We describe 90 cases of BHD discovered in our literature search, in addition to our local case (Table 1) [1,2,3,4,5,6,7,8,9,10,11,12,13,14,15,16,17,18,19,20,21,22,23,24,25,26,27,28,29,30,31,32,33]. Cases were reported from the US, Spain, France, Turkey, Austria, and Australia. Spain appeared to have the most representation in the literature. Serious comorbidities were common, such as carcinomas of lung, prostate, and ovary, lymphoma, and cardiomyopathy. The cases demonstrate a variety of indications and dosages for anticoagulation (not shown in table). Indications for weight-based, full dose anticoagulation included atrial fibrillation, venous thromboembolism, aortic stenosis, left ventricular thrombus, and acute coronary syndromes. Patients also received primary prophylactic dosing for hospitalized patients. Before their incident BHD, most patients had not been exposed to anticoagulation. A minority of patients received warfarin before diagnosis; none received direct oral anticoagulants (DOAC). Most patients had normal PT and PTT values before initiation of anticoagulation, and were in therapeutic range while on treatment (not shown). A minority of patients were on aspirin at the time of diagnosis. Most patients had a punch skin biopsy, and all were negative for signs of vasculitis. Intraepidermal hemorrhage was the common pathological finding. The eruption was mainly located on the extremities, and less frequently on the torso.
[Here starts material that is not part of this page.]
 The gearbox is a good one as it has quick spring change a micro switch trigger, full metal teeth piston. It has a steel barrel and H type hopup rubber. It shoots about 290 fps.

Summary statistics were extracted based on our review of the literature (Table 2). The average case age was 72 ± 12, and there was a 1.9:1 male to female ratio. Enoxaparin was the most frequent culprit anticoagulant (66%), followed by fondaparinux (12%). On average, lesions appeared after 7 days of treatment (7.0 ± 6.4), and resolved after 2 weeks of discontinuation of anticoagulation (13.0 ± 7.4). Most cases of bullous lesions (67.9%) were reported on the extremities only, followed by torso and extremities (26.4% of cases). Lesions on the head and neck were rare (5.5%). Management consisted of discontinuation of culprit anticoagulant (57% of cases), continuation (23.1%), or treatment change or dose reduction (14.3%). There was no difference in time to resolution between patients who continued the culprit anticoagulant or changed to a different anticoagulant, and those who discontinued anticoagulation altogether (13.9 days vs. 12.1, p = 0.49).

The review of BHD presented here is the largest collection of cases compiled from the English and Spanish literature to our knowledge. BHD has been documented in medical reports, but appears under-recognized in the clinical practice. We also presented a case from our own institution.

BHD is a non-immune dermatological eruption related to anticoagulation given for either primary or secondary prophylaxis. Enoxaparin is the most common culprit anticoagulant, followed by fondaparinux. Lesions are distant from the site of injection. Clinical or pathological signs of inflammation are absent. The extremities are the primary sites of eruptions in many cases. BHD caused by DOACs is not specified to date from several examples of large clinical trials for VTE treatment [34,35,36]. No patients in our series received DOACs before diagnosis.

Our case is unusual for the delay of 4 months in the appearance of BHD consisting of very large lesions in the lower extremities. Most lesions will appear within 7 days of the first anticoagulation administration. Their appearance is usually of small, dark bullae, rather than large hemorrhagic bullae. Lesions are not painful. In retrospect, our patient did recall having small blisters on his hands that occurred within days of starting enoxaparin. However, he did not report these small skin lesions as they resolved spontaneously. He sought medical attention after developing large dark bullae on both calves.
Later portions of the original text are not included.